Процесс длился уже более трех часов, и Игнатий слегка утомился. Один за другим выходили перед ним разные горожане, причастные к делу – соседи, воспитатели, рабочие мануфактуры – в общем, все, кто хоть как-то знал обвиняемую. Все они, держа руку на сердце, уверяли, что давно что-то такое замечали за девицей и в доказательство приводили разной степени нелепости истории, якобы подтверждающие ее вину. Кто-то видел, как она поласкала бельё в реке, а в корзину складывала, как по волшебству, уже сухое белье. Кто-то доносил, что наблюдал, как обвиняемая готовила ведьминское зелье, которое хотя и было на вид похоже на ячменную похлебку, странно и очень подозрительно пахло. Некоторые и вовсе утверждали, что видели, как похожая девица по ночам летает над крышами домов и заглядывает им в окна, пугая детей. И даже, казалось бы, такой смягчающий факт, что девушка все свое свободное время проводила в местной церкви, бескорыстно помогая немногочисленным тамошним служителям, обернули против нее. Вроде как она делала это по злому умыслу, на деле же пыталась совратить местное духовенство с пути истинного. Удалось ей это или нет, решить должно было уже другое расследование. На деле это значило, что все священнослужители вскоре исчезнут, оставив после себя лишь догадки и домыслы местной паствы. Конечно, думать будут самое плохое, на это и расчет. Но, на самом деле, их просто переведут в другое место, как правило, получше и подальше и часто в новом сане. Делалось это по очевидным причинам. Ведь ни один здравомыслящий человек в этом городке не будет ходить на исповедь к священнику, который в любой момент может сдать его с потрохами святой инквизиции.

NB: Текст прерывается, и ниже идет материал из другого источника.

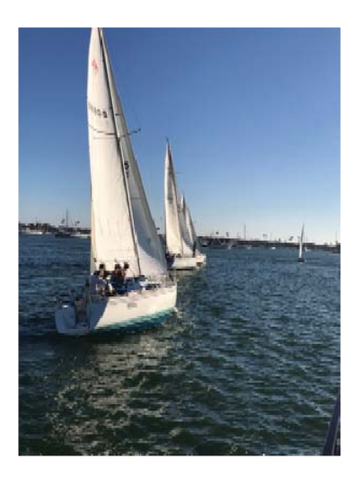
The start of the Hibachi Race
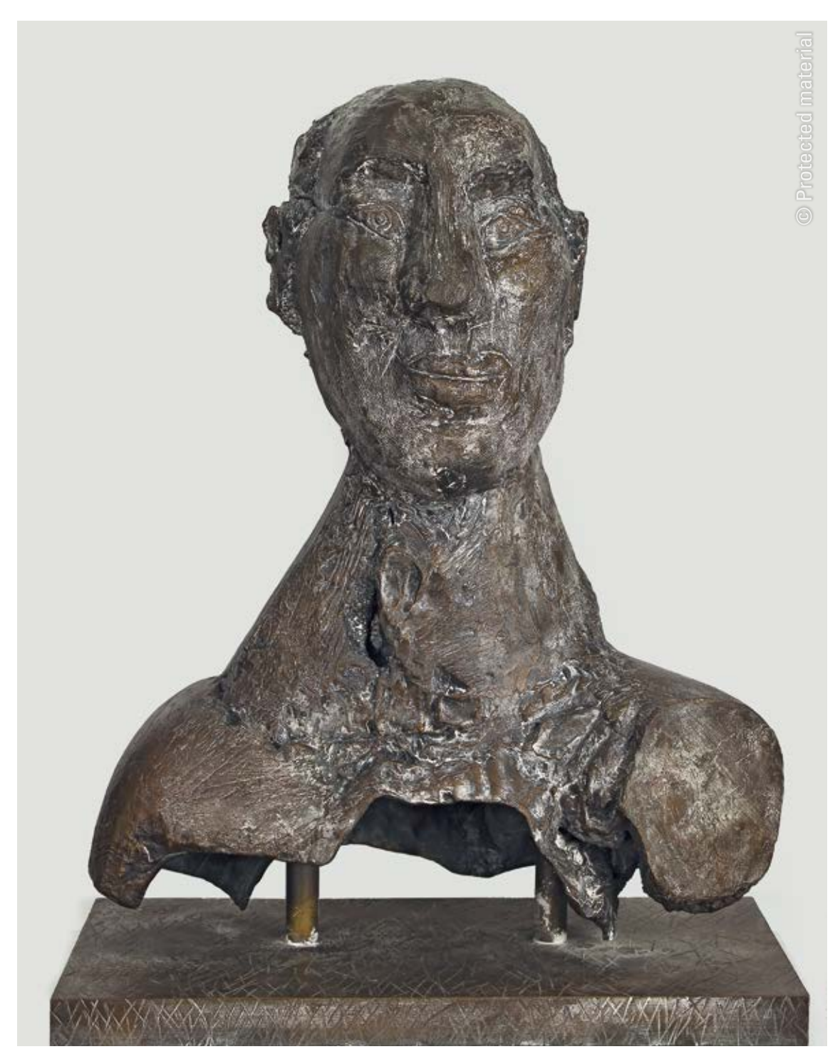
1. Markus Lüpertz (1941) Frauenkopf (Kopf meiner Mutter), 1987 Painted bronze, 97 x 75 x 47.5 cm Bilbao Fine Arts Museum Inv. no. 02/185
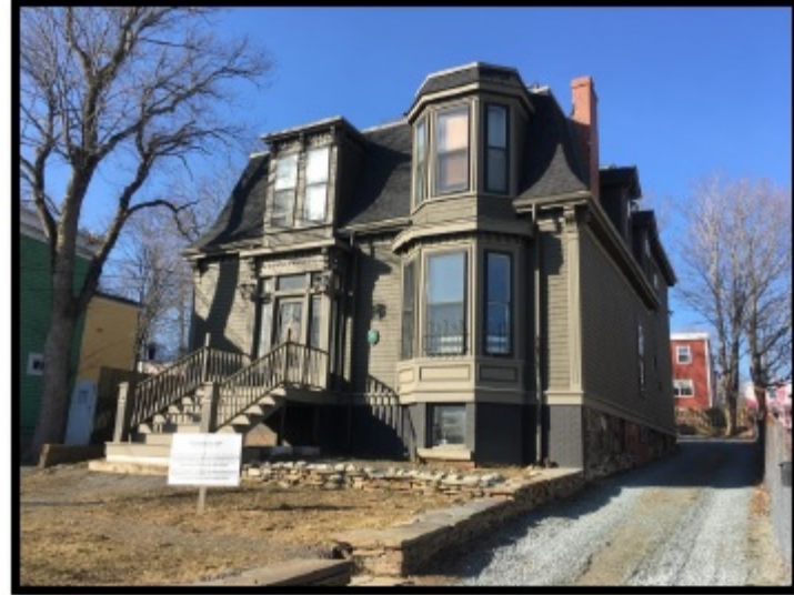
Before and After Renovations
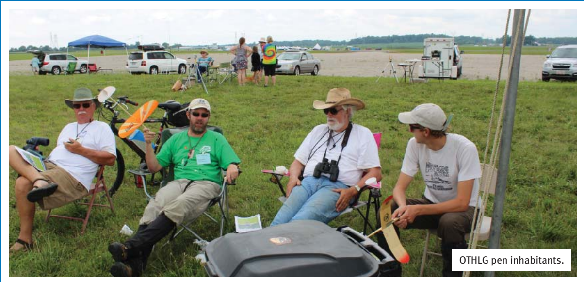
OTHLG pen inhabitants.
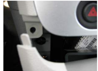
Flat Pins of Shifter Bezel

INSTALLATION IS NOW COMPLETE. ENJOY YOUR NEW INDASH by PANAVISE MOUNT
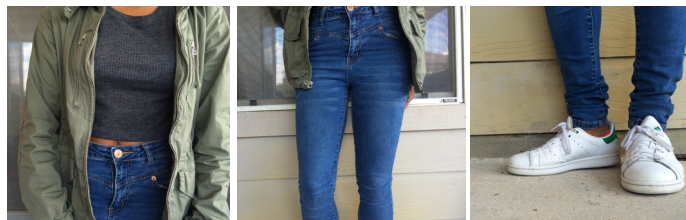
SHIRT: PacSun JACKET: Gap PANTS: Cotton On SHOES: Adidas
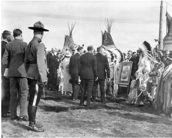
King George VI and Queen Elizabeth greet chieftains of the Stoney Indian Tribe, who have brought a photo of Queen Victoria, during the Royal Visit to Canada in 1939. The Treaties were originally signed by representatives of the British Crown acting in Queen Victoria's name.

The Nakoda (also known as Stoney or Îyârhe Nakoda )
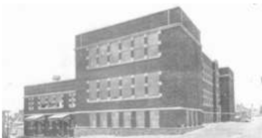
The building as it appeared in 1925 with available space above the gymnasium for a future addition.

Did you know...Following the construction of the 1925 school building enrollment continued to grow. By 1948 enrollment had climbed to over 350 students and lack of classroom space began to be an issue. When the building was built in 1925 only four classrooms were needed, but they provided for six. Thanks again to the farsightedness of the original building committee; it was possible to erect an addition above the gymnasium. To make plans for future growth heavy steel over the gymnasium ceiling was used in case a second story was ever needed. At the time it seemed like a wasted effort, but how well they built in 1925! The Oppenhamer and Obel firm again served as architects and Mr. Edmund E. Schield was chosen as general contractor. The new addition was dedicated on June 5, 1949 and provided three more classrooms, a library and other utility rooms, with a total of nine excellent classrooms in the entire building. ...now you know!
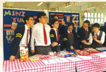
Students could buy tasty snacks at the Mini Tuckshop
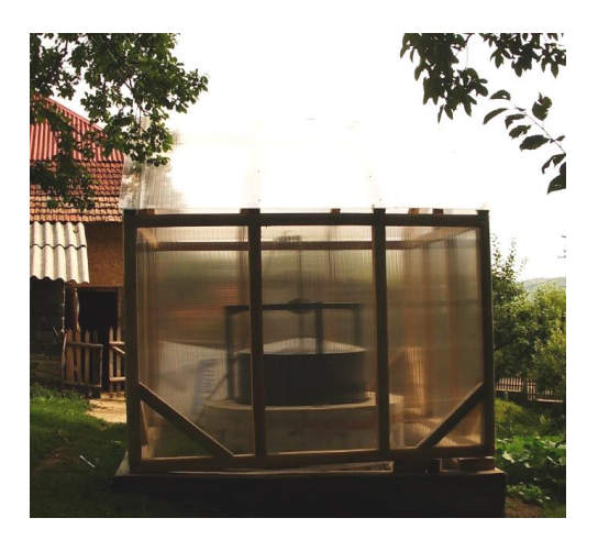
Fig. 4. Household biogas unit in operation in Boteni village, Argeş.

The applicative research carried out under national and bilateral cooperation projects has un essential role in the institute research framework. Thus, a biogas system intended to treat domestic waste has been designed and implemented in rural areas. The biogas unit is designed and built mainly for treatment and energy recovery of biodegradable waste generated in small farms but also for local municipalities to recovery various organic waste such as algae and other biodegradable waste generated in wetlands. Figure 4 shows the 4mc biogas unit built in Boteni, Argeş [11].

Игнатий уже даже не слушал всех этих людей, которые мелькали у него перед глазами. Вся их болтовня слилась в монотонное бормотание, бессмысленное и занудное. А потому он весьма оживился, когда секретарь коснулся его плеча и сообщил, что свидетелей больше нет и пора огласить приговор. Святой отец немедленно отдал распоряжение, чтобы пленницу привели для оглашения приговора. Как ни странно, но самой обвиняемой на слушании не было, несмотря на судебные правила и предписания. Инквизитор знал, что будь эта прелестница здесь, перед его очами, ему было бы не до процесса. А потому специально отдал приказ, чтобы обвиняемая оставалась в камере до непосредственного приговора, дабы «колдовскими умениями не навести дьявольский морок на судей, обманом склонить их на свою сторону, тем самым подставив под удар дело инквизиции и всей святой католической церкви».

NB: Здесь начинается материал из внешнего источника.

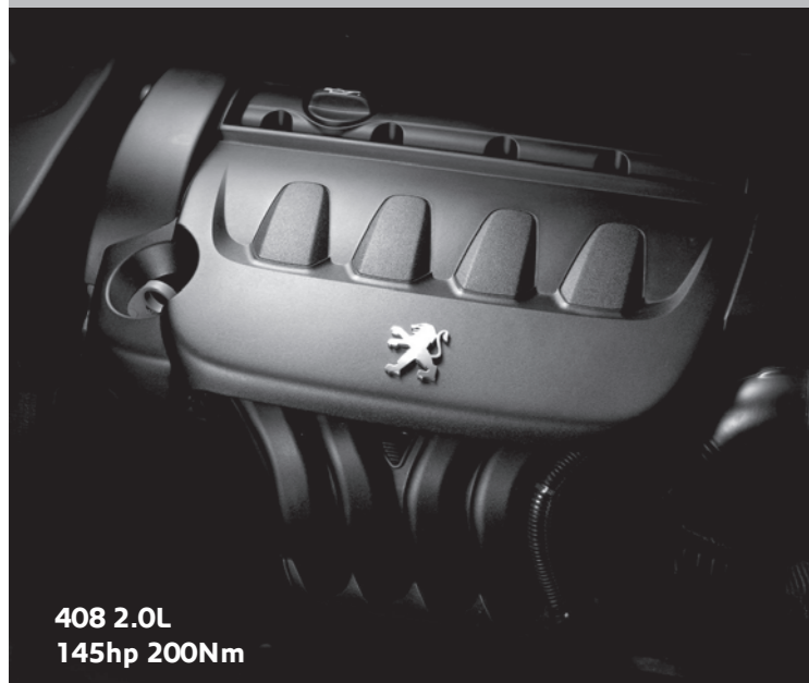
408 2.0L 145hp 200Nm

The interior styling of the 408 is one of unbridled space and elegant sophistication. A combination of exceptional comfort and premium European styling creates the desire to extend the moment, the time of a journey, for as long as possible. Drive it to experience it.
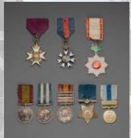
Great War C.M.G. group of ... bonhams.com
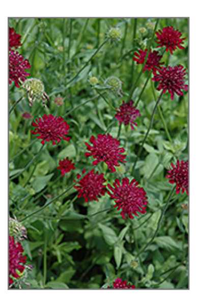
Crimson Scabious flowers

Crimson Scabious will grow to be about 24 inches tall at maturity extending to 3 feet tall with the flowers, with a spread of 24 inches. It tends to be leggy, with a typical clearance of 1 foot from the ground, and should be underplanted with lower-growing perennials. It grows at a fast rate, and under ideal conditions can be expected to live for approximately 3 years. As an herbaceous perennial, this plant will usually die back to the crown each winter, and will regrow from the base each spring. Be careful not to disturb the crown in late winter when it may not be readily seen!
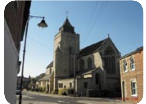
All Saints Church

Undoubtedly the most dominant unlisted building in the area is the former Board School, now known as Fairfields Primary School. Together with the Fairfields Arts Centre (formerly the Infant School), it forms a focal point at the centre of the area, and acts as a landmark within and beyond the immediate vicinity. The tower of the school can be seen from long distances throughout the town. Tall developments within the core area of the town could block long views of the school and of the church, and so must be carefully considered in terms of location and height.
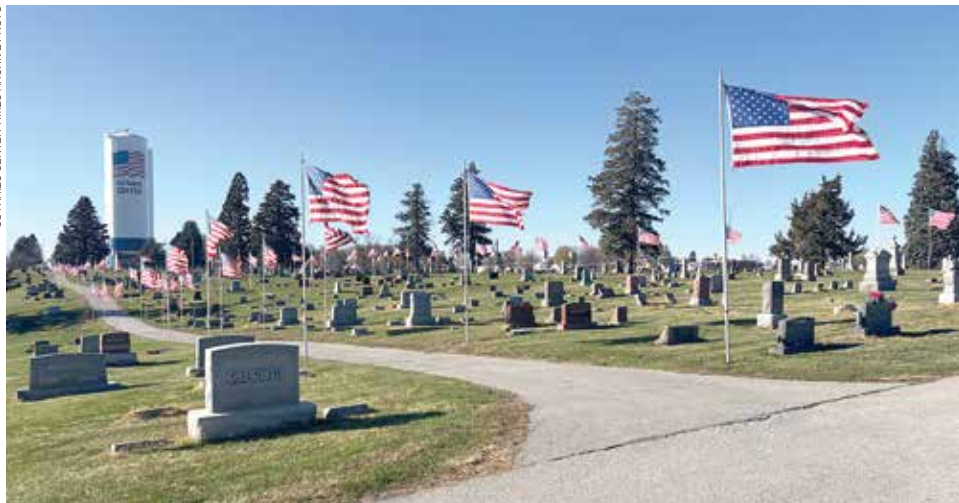
The American flags wave in the wind at Union Cemetery in Guthrie Center. Numerous rules are in place on how to properly display U.S. flags.

For those who get a bang out of personal fireworks, it is important to be aware of state and local laws regarding use. For decades, almost all personal fireworks were illegal in Iowa, other than sparklers, "snakes" and "poppers." But in 2017, Iowa law changed to allow a variety of bottle
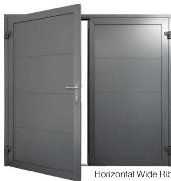
Horizontal Wide Rib

Transform your home's curb appeal with our exquisite insulated side-hinged garage doors. Choose from our diverse panel designs featuring horizontal or vertical ribs, and elevate your garage's look with a modern or classic handle.

Время на раздумье суд не стал брать, потому что обвинений оказалось более чем предостаточно, для того чтобы вынести приговор немедленно. К тому же во время дознания обвиняемая признала свою вину по всем аспектам. А потому не прошло и четверти часа, как для казни все было подготовлено.
На площади было очень многолюдно. Под общий гомон и крики этой толпы из темницы вывели осужденную. Толпа расступалась перед двумя стражами, которые под руки почти волоком тащили ее на место казни. Люди с нескрываемым ужасом провожали глазами смертницу, женщины, не сдерживая чувств, отворачивались, расталкивая локтями толпу скрывались в ней, уступая место новым зевакам. Вид узницы действительно ужасал. Густая, огненно-рыжая некогда грива на ее голове превратилась в извалявшиеся, серые от грязи лоскуты волос. Она была одета лишь в тюремную рубаху, грязную и рваную, с большими пятнами запекшейся крови на груди, а худые ноги, торчавшие из-под полы рубахи были перебиты в районе щиколоток и теперь беспомощно и уродливо болтались плетьми. Прелестное в прошлом личико было синим от побоев, искажённое и отёкшее. Это была личная просьба святого отца. Игнатий очень опасался, что, глядя на юную деву, не сможет уберечь свои мысли от греха плоти, а потому попросил избавить ведьму от всех признаков красоты, всех прелестей, которые могут, так сказать, смутить граждан. Заодно, чтобы показать всем, что бывает с теми, кто, отринув Господа нашего, устремляется ко злу. А так как зло, понятие очень широкое, спорное и многомерное, легко меняющее свое положение и статус (иногда на прямо противоположное) проходя сквозь мясорубку человеческого ментально-языкового бюрократизма, то чтобы не возникло путаницы, следует приучить людей, сверять свои моральные ценности с единственно достоверным, утвержденным в последней инстанции оригиналом, высеченном на белом обелиске, возвышающимся над всеми народами – римско-католической церковью. Но так как люди строптивы по своей природе и
зачастую не хотят добровольно подчиняться «высшей воле», свою непростую службу несут такие люди, как отец Игнатий и его многочисленные собратья по вере, которые призваны вернуть на путь истинный всех заблудших, даже если для этого необходимо их сжечь на костре… или к примеру, их единственную дочь.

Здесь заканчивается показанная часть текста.